# Exercise material:
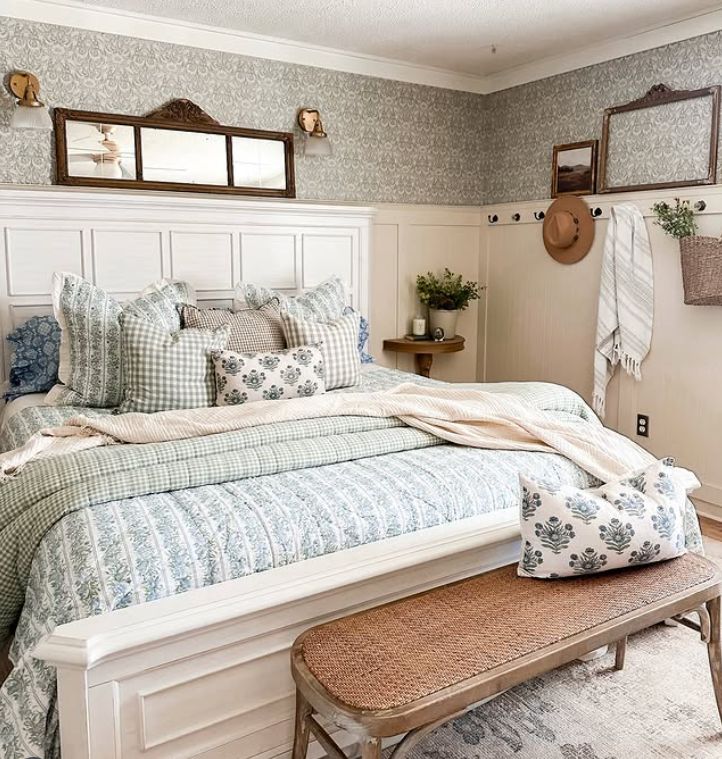 With its calming palette, thoughtful textures, and subtle cottage-core details, this room feels fresh, inviting, and effortlessly cozy.
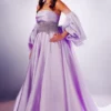 The Butterfly Gown captures ethereal beauty with a dramatic, sculpted silhouette. Featuring a body-hugging corset that defines and elevates the figure, this gown flares into soft, wing-like drapes that evoke the delicate movement of a butterfly in flight. The shimmery organza fabric glows with subtle radiance, creating a mesmerizing play of light and texture with every step.
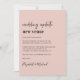 Alteração mínima moderna do anúncio de casamento rosa-claro com "atualização de casamento novo local" escrito em uma mistura de roteiro e tipografia ousada (você pode personalizar isso para "nova data", "casamento menor" etc.). Personalize sua mensagem de alteração de planos, adicione seus nomes em um script semelhante a assinatura e adicione seu site de casamento no lado oposto ou deixe o vazio.
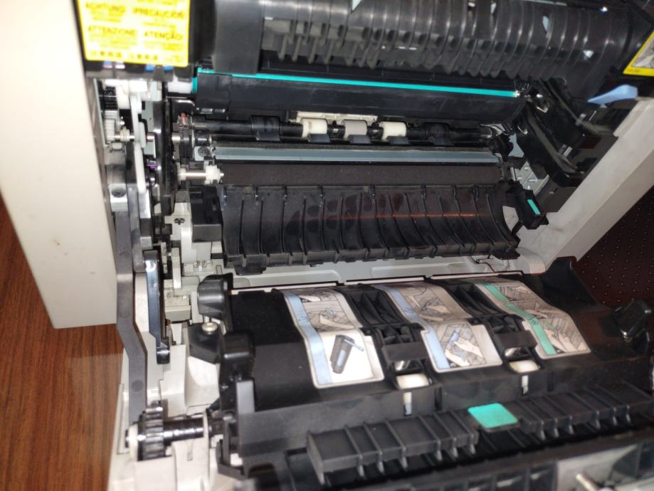 Mehanizam za uvlačenje papira -- i iz ladice i iz bočnog ulagača -- djelomično povuče papir i onda počne mehanički "škljocati" ili "preskakati" bez da obavi uvlačenje papira.
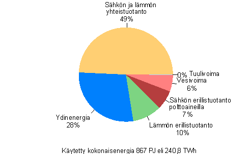 Kuvio 4. Käytetty kokonaisenergia tuotantomuodoittain sähkön ja lämmön tuotannossa 2005
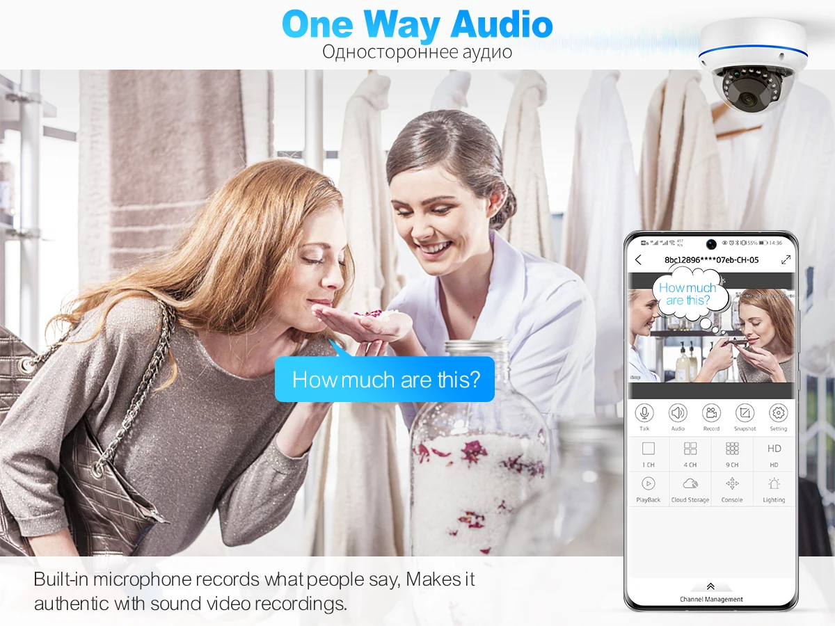 Basé sur la technologie P2P (peer to peer), prend en charge l'installation plug-and-play.Accédez à la caméra IP via son interface Web via Internet Explorer, elle est également livrée avec une application gratuite pour smartphone (Android et iPhone) pour une visualisation à distance depuis n'importe où.

# About this exercise:
Could you give all the records again, exactly, minus the pictures?

# Task response:
 With its calming palette, thoughtful textures, and subtle cottage-core details, this room feels fresh, inviting, and effortlessly cozy.
 The Butterfly Gown captures ethereal beauty with a dramatic, sculpted silhouette. Featuring a body-hugging corset that defines and elevates the figure, this gown flares into soft, wing-like drapes that evoke the delicate movement of a butterfly in flight. The shimmery organza fabric glows with subtle radiance, creating a mesmerizing play of light and texture with every step.
 Alteração mínima moderna do anúncio de casamento rosa-claro com "atualização de casamento novo local" escrito em uma mistura de roteiro e tipografia ousada (você pode personalizar isso para "nova data", "casamento menor" etc.). Personalize sua mensagem de alteração de planos, adicione seus nomes em um script semelhante a assinatura e adicione seu site de casamento no lado oposto ou deixe o vazio.
 Mehanizam za uvlačenje papira -- i iz ladice i iz bočnog ulagača -- djelomično povuče papir i onda počne mehanički "škljocati" ili "preskakati" bez da obavi uvlačenje papira.
 Kuvio 4. Käytetty kokonaisenergia tuotantomuodoittain sähkön ja lämmön tuotannossa 2005
 Basé sur la technologie P2P (peer to peer), prend en charge l'installation plug-and-play.Accédez à la caméra IP via son interface Web via Internet Explorer, elle est également livrée avec une application gratuite pour smartphone (Android et iPhone) pour une visualisation à distance depuis n'importe où.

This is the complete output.